• What you need to do: Required from the data below: the exact lines starting at the line containing "Person Wearing Round" and ending at the line containing "本製品は、気分に合わせてフレ", with both ends kept and all pictures dropped.
━━━━━ Raw data ━━━━━
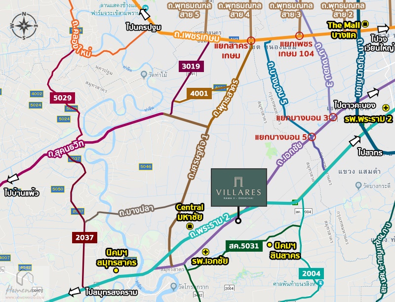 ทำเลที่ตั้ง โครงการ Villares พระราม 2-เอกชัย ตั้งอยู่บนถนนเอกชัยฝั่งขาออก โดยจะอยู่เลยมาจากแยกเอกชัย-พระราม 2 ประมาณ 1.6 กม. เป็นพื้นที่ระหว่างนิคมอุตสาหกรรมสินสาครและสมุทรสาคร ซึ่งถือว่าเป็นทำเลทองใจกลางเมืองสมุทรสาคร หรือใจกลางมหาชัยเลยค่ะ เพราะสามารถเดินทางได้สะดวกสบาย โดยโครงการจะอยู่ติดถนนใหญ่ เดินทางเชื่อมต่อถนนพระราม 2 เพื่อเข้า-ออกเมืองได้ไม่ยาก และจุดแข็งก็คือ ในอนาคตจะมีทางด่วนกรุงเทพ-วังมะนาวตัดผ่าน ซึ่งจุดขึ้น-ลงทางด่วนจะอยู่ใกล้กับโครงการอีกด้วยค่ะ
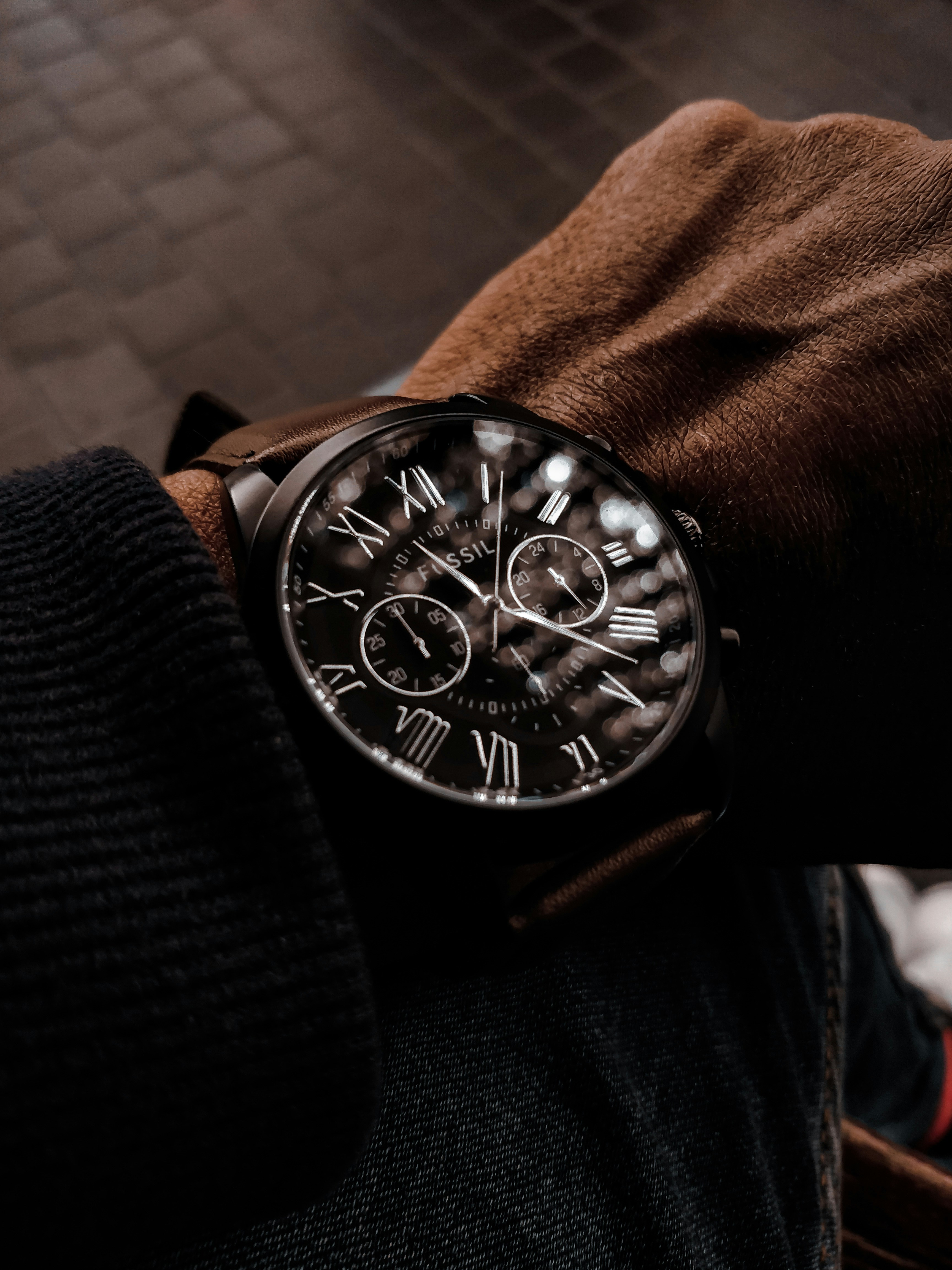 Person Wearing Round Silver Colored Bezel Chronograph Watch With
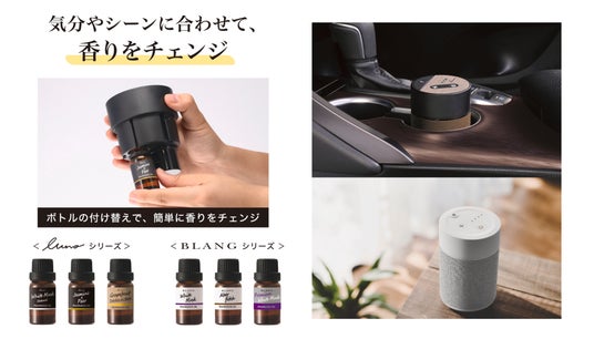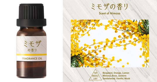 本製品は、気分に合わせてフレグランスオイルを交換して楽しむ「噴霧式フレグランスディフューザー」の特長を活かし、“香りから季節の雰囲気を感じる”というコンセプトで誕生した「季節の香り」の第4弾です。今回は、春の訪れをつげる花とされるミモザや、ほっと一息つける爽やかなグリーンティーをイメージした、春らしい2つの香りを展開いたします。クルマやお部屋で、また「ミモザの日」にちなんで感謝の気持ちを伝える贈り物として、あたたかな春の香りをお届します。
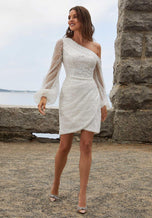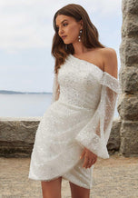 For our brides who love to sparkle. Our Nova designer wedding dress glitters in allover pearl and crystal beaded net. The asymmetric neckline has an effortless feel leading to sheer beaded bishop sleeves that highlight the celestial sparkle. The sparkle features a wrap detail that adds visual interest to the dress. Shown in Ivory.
━━━━━
• Your solution:
 Person Wearing Round Silver Colored Bezel Chronograph Watch With
 本製品は、気分に合わせてフレグランスオイルを交換して楽しむ「噴霧式フレグランスディフューザー」の特長を活かし、“香りから季節の雰囲気を感じる”というコンセプトで誕生した「季節の香り」の第4弾です。今回は、春の訪れをつげる花とされるミモザや、ほっと一息つける爽やかなグリーンティーをイメージした、春らしい2つの香りを展開いたします。クルマやお部屋で、また「ミモザの日」にちなんで感謝の気持ちを伝える贈り物として、あたたかな春の香りをお届します。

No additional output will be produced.